INPUT FOR THIS TASK:
==========

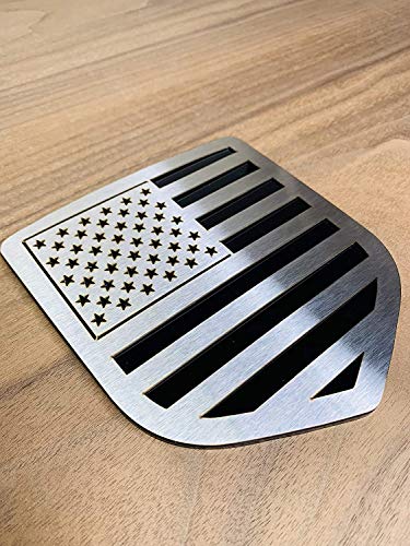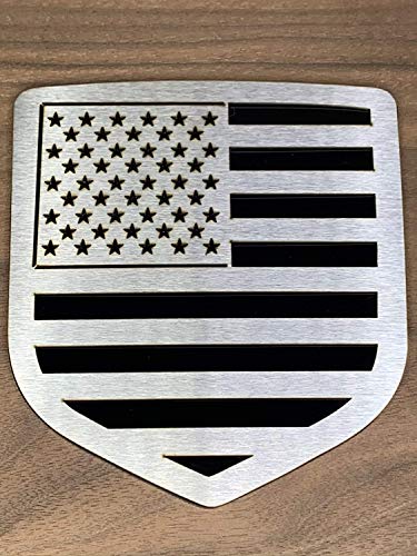 Emblema de portón trasero 300 Industries para Dodge Ram 1500/2500/3500 del 2009 al 2018 con diseño de Bandera Americana en plateado sobre negro. Fabricado en Estados Unidos con los más altos estándares de calidad para resistir los elementos y garantizar una vida útil larga. Personaliza tu vehículo con el diseño que mejor te represente, ya sea para hacer una declaración audaz o añadir un toque de patriotismo. Fácil de instalar, con adhesivo para una aplicación sencilla en la puerta trasera, guardabarros, puertas u otras ubicaciones deseadas. Resistente a la intemperie para mantener su apariencia vibrante con el tiempo. Mejora la estética de tu camioneta y muestra tu orgullo americano con este emblema de calidad.
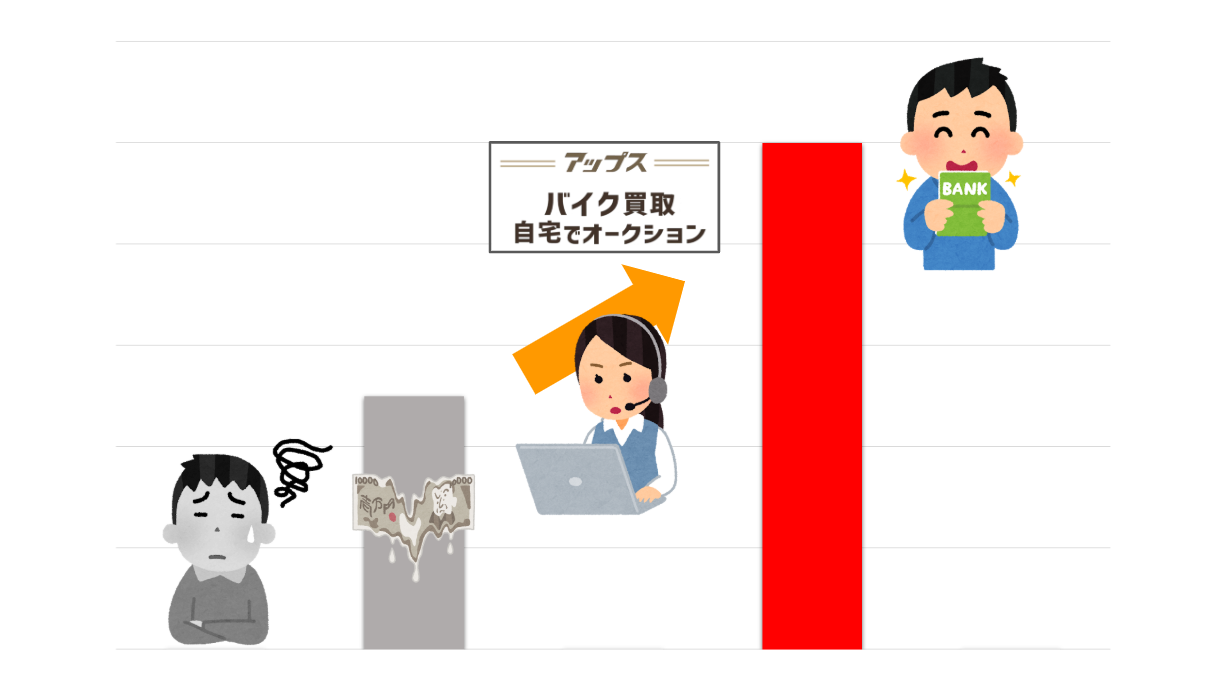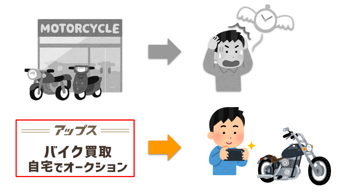 時間と手間を掛ければバイクは高く売れます。その一番面倒な部分を無料で代行してくれるアップスなら、あなたのバイクを最高額で売ってくれるでしょう。
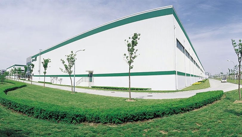 上海普洛斯物流位于松江工業(yè)區(qū),松江是上海的西入口,擁有非常便利的交通條件,2010年建設(shè)。屋面為鍍鋁鋅光板,牌號(hào)為S350GD+AZ,鋁鋅重量為165克/平方米。墻面采用寶鋼高耐侯鍍鋁鋅彩涂鋼板,顏色主體為白灰,色帶為闊葉綠,鋁鋅層重量150克/平方米,牌號(hào)TS300GD+AZ。
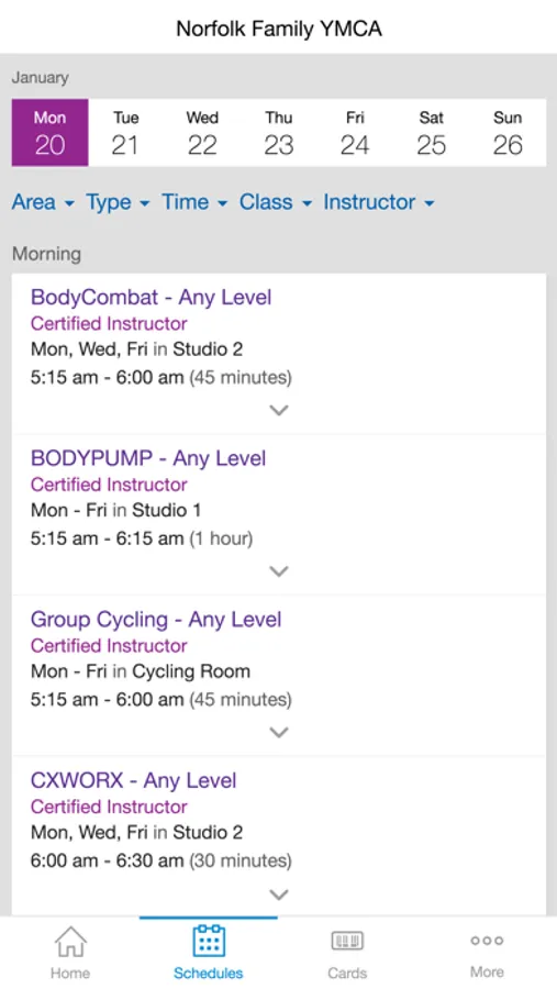 • Easily view schedules for each day and filter for the types of classes that you like.
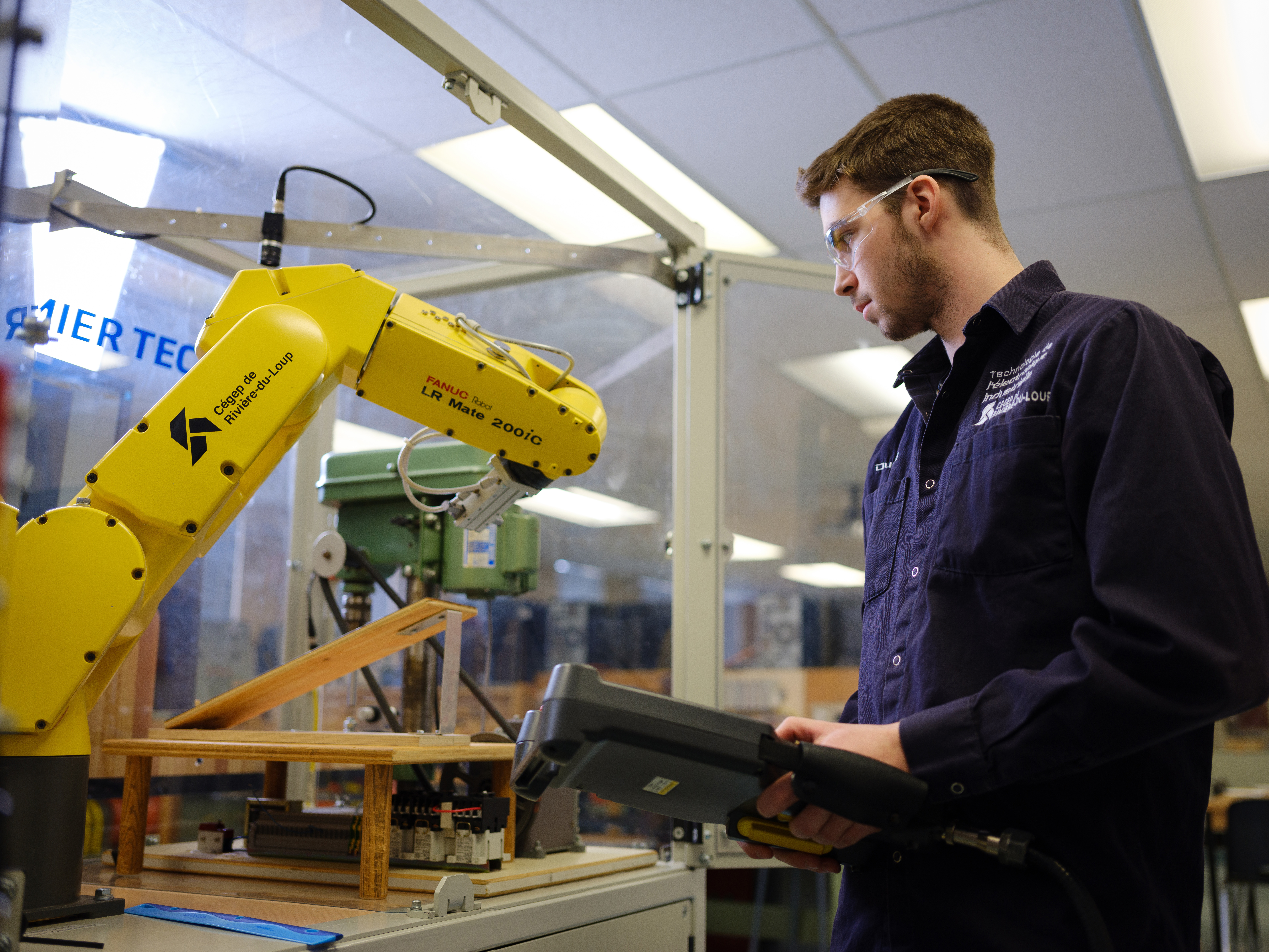 En Technologie du génie électrique - Automatisation et contrôle, tu développeras une expertise dans le contrôle de robots industriels. Tu auras l'impression de faire partie du robot! Tu deviendras spécialiste du fonctionnement et de l'automatisation des équipements industriels et des systèmes. D'ailleurs, les entreprises t'attendent déjà et tu auras un emploi assuré! On t'offrira même un programme en alternance travail-études, pour que tu puisses travailler et acquérir de l'expérience dans le domaine tout en étudiant. Imagine, travailler avec d'autres pros du domaine ainsi qu'avec des robots, des capteurs, des moteurs, et des systèmes informatiques de pointe! On t'attends en Technologie du génie électrique!
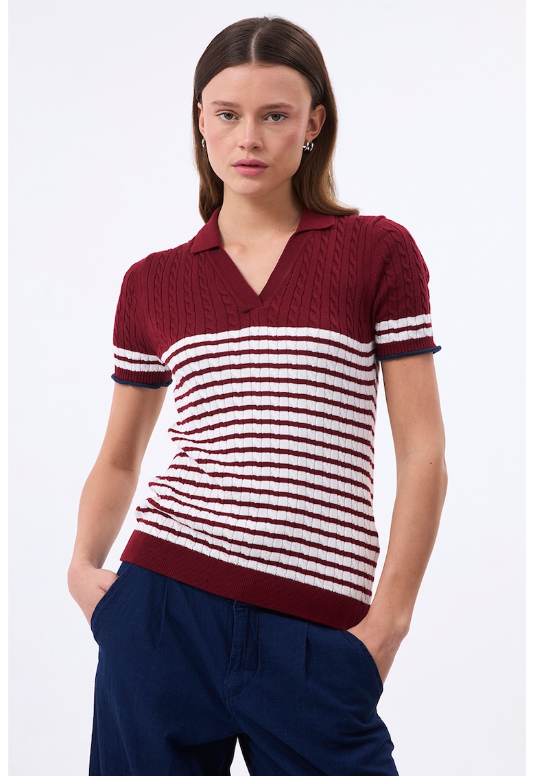 - acril Model: in v Croiala: regular fit Sistem inchidere: fara inchidere Decolteu: in v Lungime maneca: maneca scurta Guler: polo Detalii: design cu torsade Compozitie Exterior: 50% bumbac
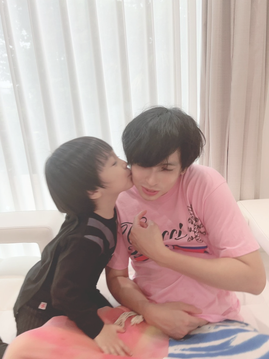 アレクさんは、今月12日に「ダースベイダーのキャップあげました♡」というタイトルでブログを更新しました。アレクさんの頬にチューをする息子さんの写真と共に「おねだり上手でね のんちゃんがまいにちのように カゲトラに貢いでます」と綴り、息子に貢ぐ川崎さんについて明かしました。
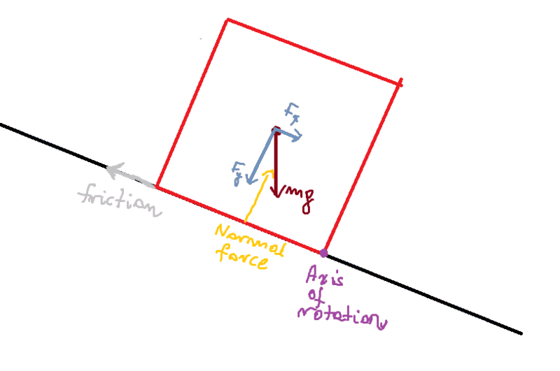 I think that the cube will tip over once the force of gravity has gone outside its base - the critical angle is plotted on my diagram.
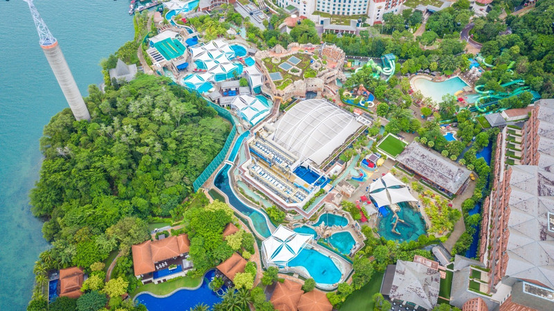 红色三角形是环球影城的出入口,蓝色三角形是S.E.A.海洋馆的出入口,那个红色的长条形甲壳状的建筑就是海洋馆。

==========

I'd like the data above duplicated exactly, with no pictures included.

 Emblema de portón trasero 300 Industries para Dodge Ram 1500/2500/3500 del 2009 al 2018 con diseño de Bandera Americana en plateado sobre negro. Fabricado en Estados Unidos con los más altos estándares de calidad para resistir los elementos y garantizar una vida útil larga. Personaliza tu vehículo con el diseño que mejor te represente, ya sea para hacer una declaración audaz o añadir un toque de patriotismo. Fácil de instalar, con adhesivo para una aplicación sencilla en la puerta trasera, guardabarros, puertas u otras ubicaciones deseadas. Resistente a la intemperie para mantener su apariencia vibrante con el tiempo. Mejora la estética de tu camioneta y muestra tu orgullo americano con este emblema de calidad.
 時間と手間を掛ければバイクは高く売れます。その一番面倒な部分を無料で代行してくれるアップスなら、あなたのバイクを最高額で売ってくれるでしょう。
 上海普洛斯物流位于松江工業(yè)區(qū),松江是上海的西入口,擁有非常便利的交通條件,2010年建設(shè)。屋面為鍍鋁鋅光板,牌號(hào)為S350GD+AZ,鋁鋅重量為165克/平方米。墻面采用寶鋼高耐侯鍍鋁鋅彩涂鋼板,顏色主體為白灰,色帶為闊葉綠,鋁鋅層重量150克/平方米,牌號(hào)TS300GD+AZ。
 • Easily view schedules for each day and filter for the types of classes that you like.
 En Technologie du génie électrique - Automatisation et contrôle, tu développeras une expertise dans le contrôle de robots industriels. Tu auras l'impression de faire partie du robot! Tu deviendras spécialiste du fonctionnement et de l'automatisation des équipements industriels et des systèmes. D'ailleurs, les entreprises t'attendent déjà et tu auras un emploi assuré! On t'offrira même un programme en alternance travail-études, pour que tu puisses travailler et acquérir de l'expérience dans le domaine tout en étudiant. Imagine, travailler avec d'autres pros du domaine ainsi qu'avec des robots, des capteurs, des moteurs, et des systèmes informatiques de pointe! On t'attends en Technologie du génie électrique!
 - acril Model: in v Croiala: regular fit Sistem inchidere: fara inchidere Decolteu: in v Lungime maneca: maneca scurta Guler: polo Detalii: design cu torsade Compozitie Exterior: 50% bumbac
 アレクさんは、今月12日に「ダースベイダーのキャップあげました♡」というタイトルでブログを更新しました。アレクさんの頬にチューをする息子さんの写真と共に「おねだり上手でね のんちゃんがまいにちのように カゲトラに貢いでます」と綴り、息子に貢ぐ川崎さんについて明かしました。
 I think that the cube will tip over once the force of gravity has gone outside its base - the critical angle is plotted on my diagram.
 红色三角形是环球影城的出入口,蓝色三角形是S.E.A.海洋馆的出入口,那个红色的长条形甲壳状的建筑就是海洋馆。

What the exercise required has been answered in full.